[Records for this task Boundary: Start]
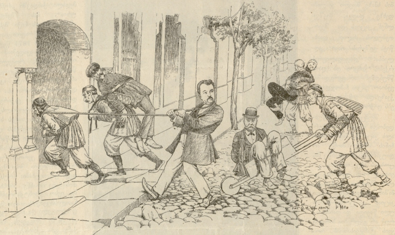
რე. ი. შ. - 1901
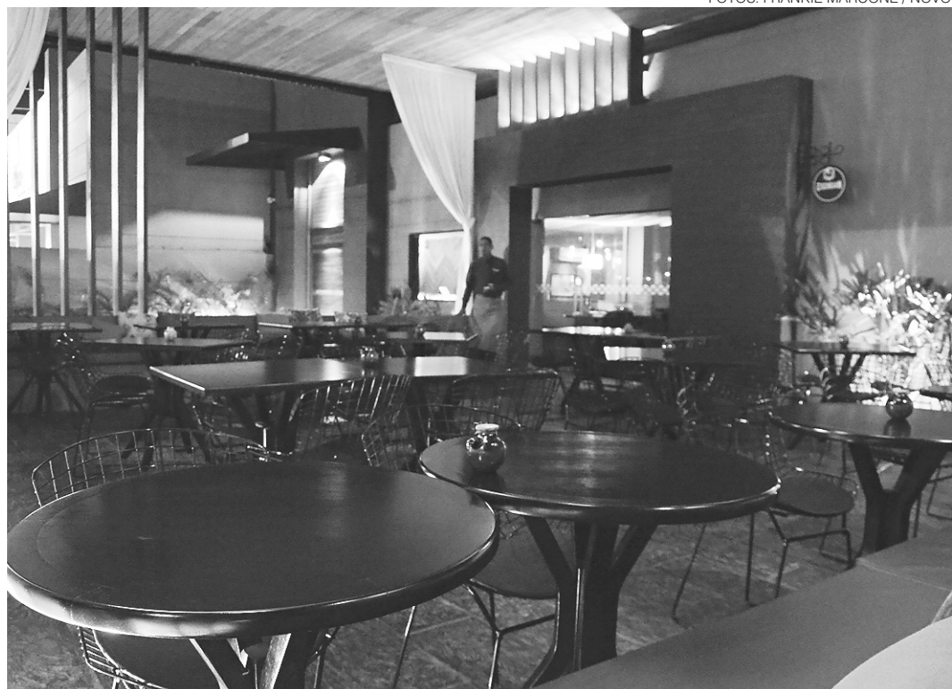
// Restaurante Hamachi, localizado na Avenida Praia de Ponta Negra, tem capacidade de receber até 115 pessoas; nome significa “filhote de atum”, ponto inicial para criação da identidade visual do ambiente gastronômico
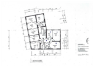
Grundriss VK 1429 GE

Kaufpreis: 63.800,00 € Wohnfläche (ca.): 58,00 m 2 Zimmer: 2,5
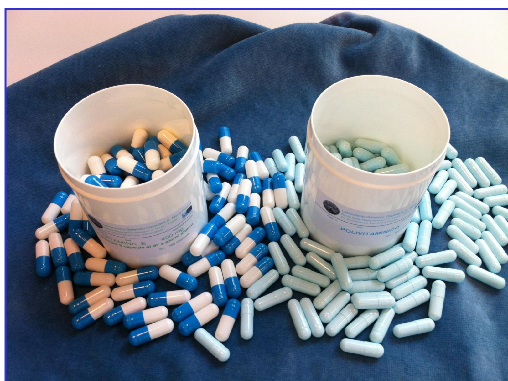
Fig.1 Capsule di polivitaminico e vitamina E
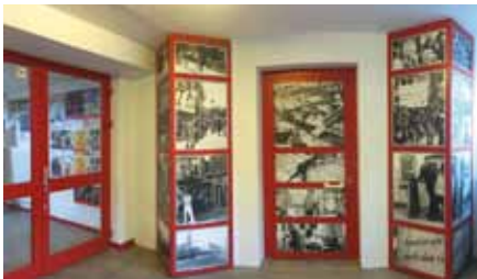
Bilder im Foyer

Foto und Text: loyana.camelo@goldbekhaus.de
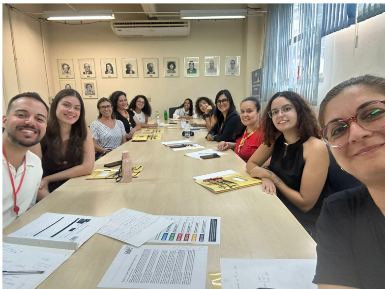
Eixos Temáticos - Polo Porto Alegre, 07 de abril de 2026.
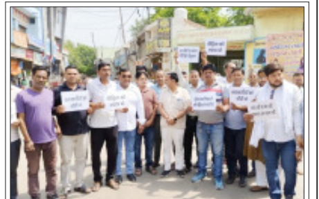
सम्भल- दुष्कर्म पीड़िता के इंसाफ की मांग को प्रदर्शन करते स्वयं संचालित संगठन के लोग।

सम्भल। सामूहिक दुष्कर्म घटना और पुलिस पर सवाल खड़े करने के साथ आरोपियों की गिरफ्तार कर पीड़ित को न्याय दिलाने की मांग को सामाजिक संगठनों का गुस्सा फूट पड़ा। गुस्सा संगठन के कार्यकर्ताओं ने प्रदर्शन कर मामले की निष्पक्ष जांच करने की मांग की। असमोली थाना क्षेत्र के दबाई कला में शौच को गयी नाबालिग का अपहरण का सामूहिक दुष्कर्म का मामला तुरंत पकड़ता जा रहा है। पीड़िता को न्याय और आरोपियों पर सख्त कार्रवाई की मांग को संगठनों ने अपनी आवाज बुलंद करनी शुरू कर दी है। ब्राह्मण शक्ति संघ ने पीड़ित परिवार के साथ अत्याच नहीं होने और मामले की निष्पक्ष जांच की मांग को शक्ति संघ पर प्रदर्शन किया।
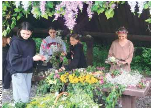
Nie mogło zabraknąć warsztatów wicia tradycyjnych wianków
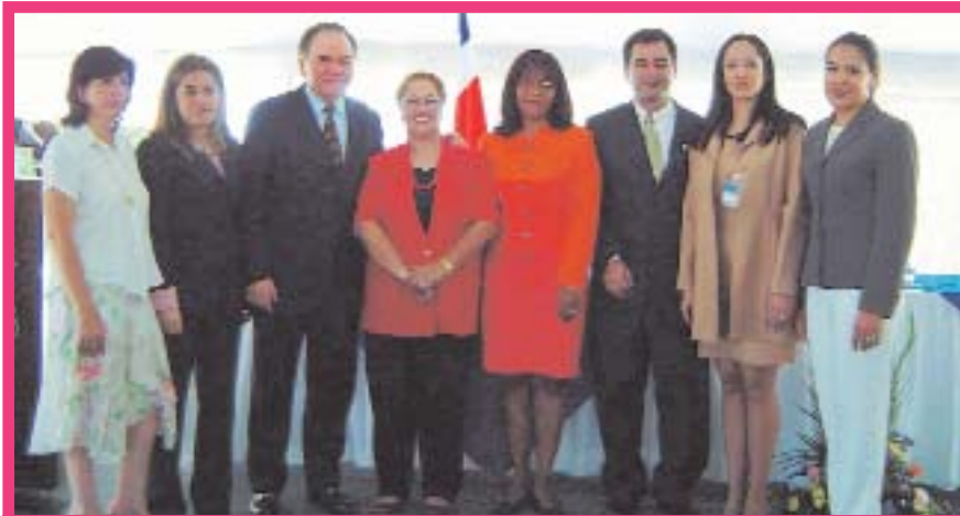
Miembros de la Comisión para la redacción del Código de la vejez

del Código de la Vejez entre a la corriente legislativa, ya que se trata de una iniciativa de indiscutible trascendencia que está respaldada por el Ejecutivo y goza del apoyo manifiesto de un grupo considerable de diputados.
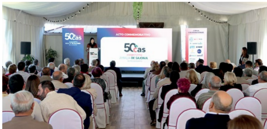
La cooperativa Amalia de Sajonia celebró su 50 aniversario el sábado 28 de marzo
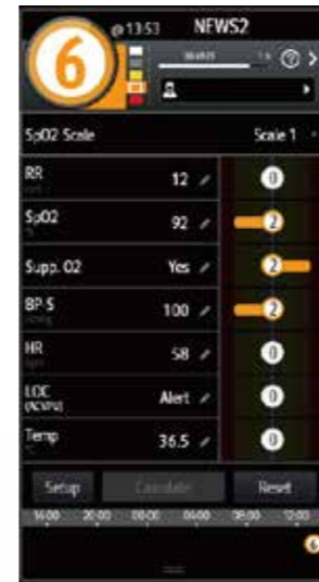
Панель EWS на мониторах ePM
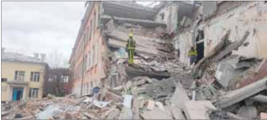
أن البلدين «بمعارضان إحياء عقلية الحرب الباردة وإثارة موجهاً إيديولوجية».
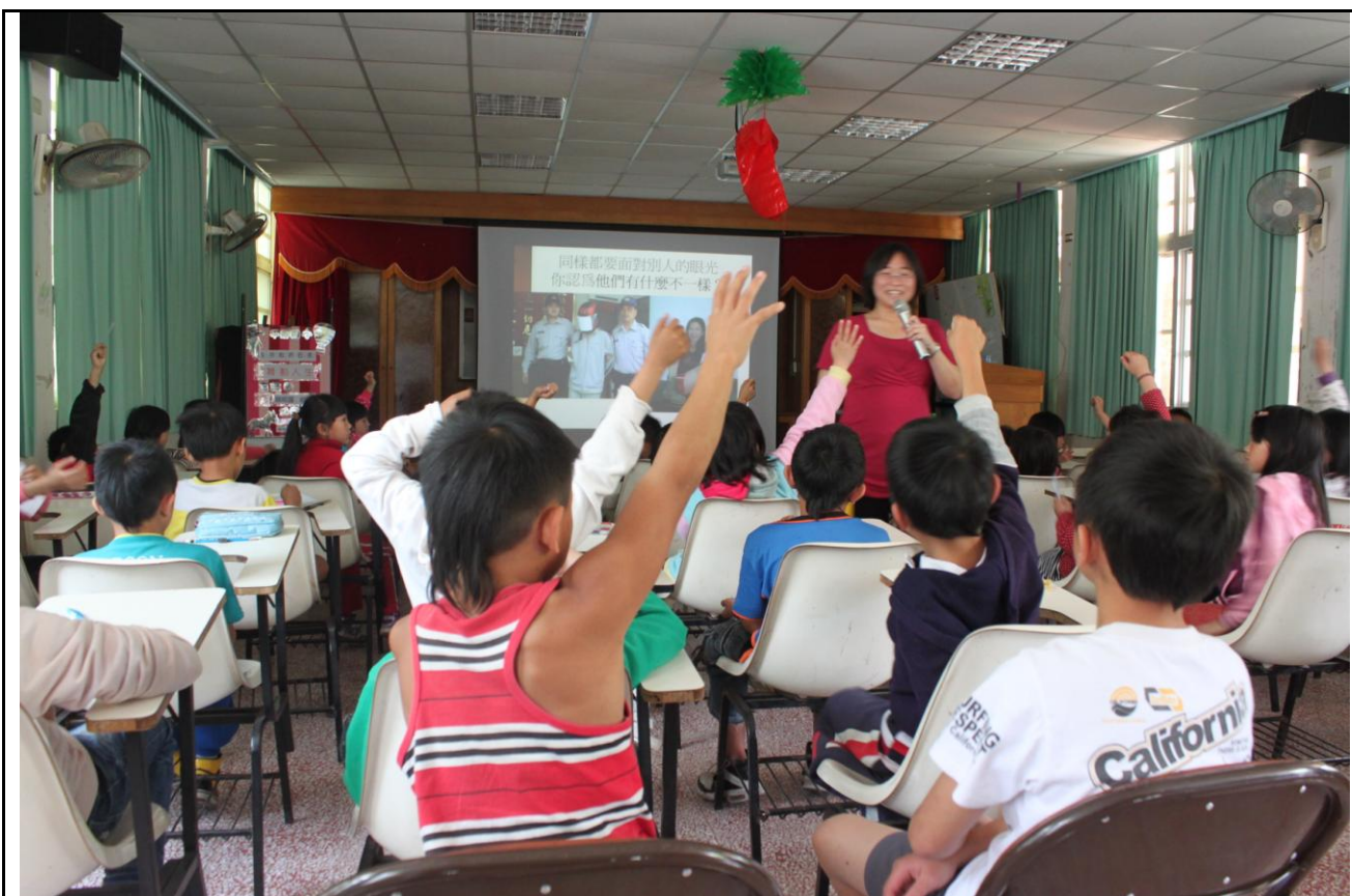
老師提問，澄清觀念
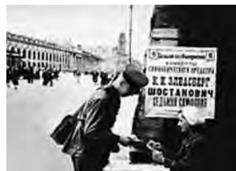
Афиша об исполнении седьмой симфонии

И был назначен день концерта – 9 августа 1942 года. Но враг по-прежнему стоял под стенами города и собирал силы для последнего штурма. Вражде-
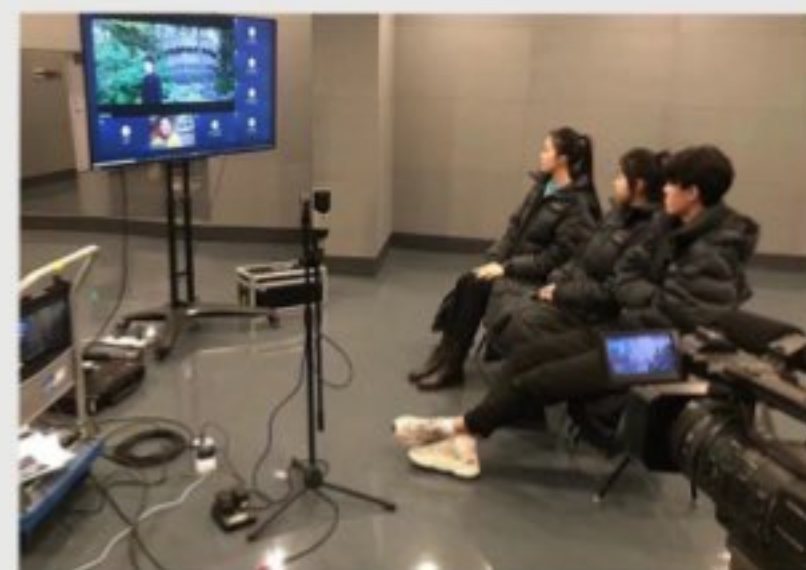
2020年中华文化知识大赛
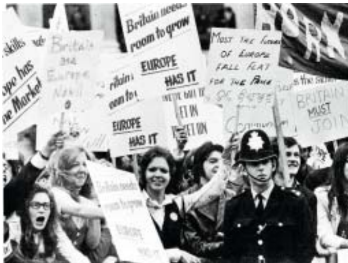
Před 45 lety Londýňané demonstrovali pro vstup do Británie do Evropského hospodářského společenství. Roku 1973 do něj Británie vstoupila.

Turecko-izraelská dohoda o urovnání obsahuje konkrétní body. Umožní Turecku posílat pomoc do pásma Gazy, ale pouze přes izraelský přístav Ašdod, takže zboží bude pod kontrolou. Naproti tomu svůj původní požadavek, aby Izrael blokádu Gazy úplně zrušil, Turecko neprosadilo. Za vítězství ale může vydávat to, že Izrael uvolní 20 milionů dolarů na odškodné rodinám lidí zabitých na lodi Mavi Marmara. Izrael by sice mohl vydávat za své vítězství slib Ankary, že zabráni přípravě teroristických aktivit proti Izraeli ze svého území, ale jestli by na plnění takového závazku někdo vsadil výplatu, to už je jiná otázka.
[Records for this task Boundary: End]
## Task instructions
Leaving every picture aside, reproduce exactly the lines above from the one with "Grundriss VK 1429 GE" up to and including the one with "सम्भल- दुष्कर्म पीड़िता", and no others.

## Finished task
Grundriss VK 1429 GE

Kaufpreis: 63.800,00 € Wohnfläche (ca.): 58,00 m 2 Zimmer: 2,5
Fig.1 Capsule di polivitaminico e vitamina E
Bilder im Foyer

Foto und Text: loyana.camelo@goldbekhaus.de
Eixos Temáticos - Polo Porto Alegre, 07 de abril de 2026.
सम्भल- दुष्कर्म पीड़िता के इंसाफ की मांग को प्रदर्शन करते स्वयं संचालित संगठन के लोग।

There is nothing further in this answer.